Police investigate after woman, two young sons found dead in east-end Montreal home

Dec 13, 2019 | 8:02 AM

MONTREAL — Police officers who showed up at an east-end Montreal home Wednesday morning to break the news of a family member’s death instead discovered the bodies of a 42 year-old-woman and her two young sons, ages two and four.

Authorities went to the residence, located on a quiet cul-de-sac in the Pointe-aux-Trembles district, at around 8 a.m. to inform the family about the death of the boys’ father, who died by suicide Tuesday in Joliette, north of Montreal.

When there was no answer, they found the door unlocked and entered to discover the woman and her boys, all of whom were declared dead at the scene, a Montreal police spokesman said.

A heavy presence of police and emergency vehicles could be seen outside the modest two-storey brick townhouse, which was blocked off by orange police tape.

Const.

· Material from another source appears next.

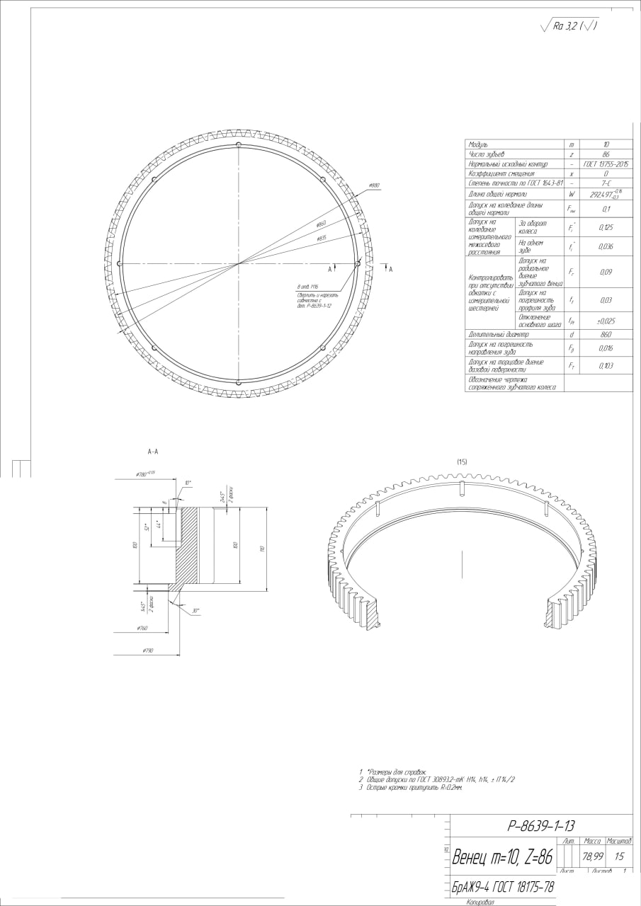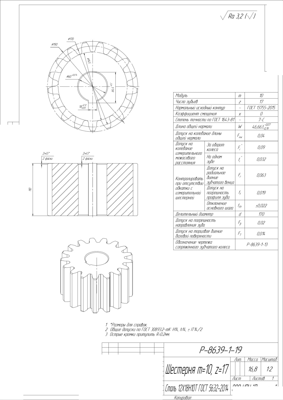 25.09.2025 Интересует изготовление шестерен по чертежам во вложении: 1. Шестерня m=10 Z=17 (Р-8639-1-19) - 2 шт. 2. Шестерня m=10 Z=38 (Р-8639-1-9) - 2 шт. 3. Шестерня составная m=10 z=86 (Р-8639-1-12 СБ - Ступица + Р-8639-1-13 - Венец) - 2 шт. Все, кроме Венца, из стали 12Х18Н10Т. Венец из бронзы БрАЖ9-4. Регион: Нижегородская обл.  |

Manuel Couture said the house was being treated as a crime scene. The deaths were considered “suspicious” but had not been ruled homicides as of early Wednesday afternoon. He said forensic investigators and technicians were expected at the scene over the course of the afternoon, while the police major crimes unit began probing the circumstances surrounding the deaths.

“Right now the investigators are looking for links, exactly when the death of all those people (happened),” Couture told reporters at the scene. 

The townhouse is listed in municipal records as belonging to Nabil Yssaad and Dahia Khellaf, who were registered as owners in April 2018. 

Court documents involving two people with the same names show that Yssaad, 46, was charged in August 2018 with assault with a weapon against Khellaf. He was acquitted last week after signing an agreement not to contact her and to stay away from her home and workplace, except for court-approved visitation.

On Wednesday, two neighbours told reporters at the scene that it wasn’t the first time law enforcement had been called to the home.

One of them, Abdelaziz Abdelhak, said he’d seen police cars outside the residence “two or three times” previously. He described the father as an unsociable person who didn’t like being asked questions.

“It’s someone you can’t talk to. He refuses conversation,” said Abdelhak, who lives a few doors down. “He doesn’t say hello, he doesn’t want us to say hello to him.”

Yann Kedja, a 19-year-old neighbour, said he believes the family had been living at the address for about two years. He never met the father but would see the children playing outside in the summer.

“I saw the kids outside having fun and playing, and the mother was there having fun with them,” he said, calling the deaths a “horrible tragedy.”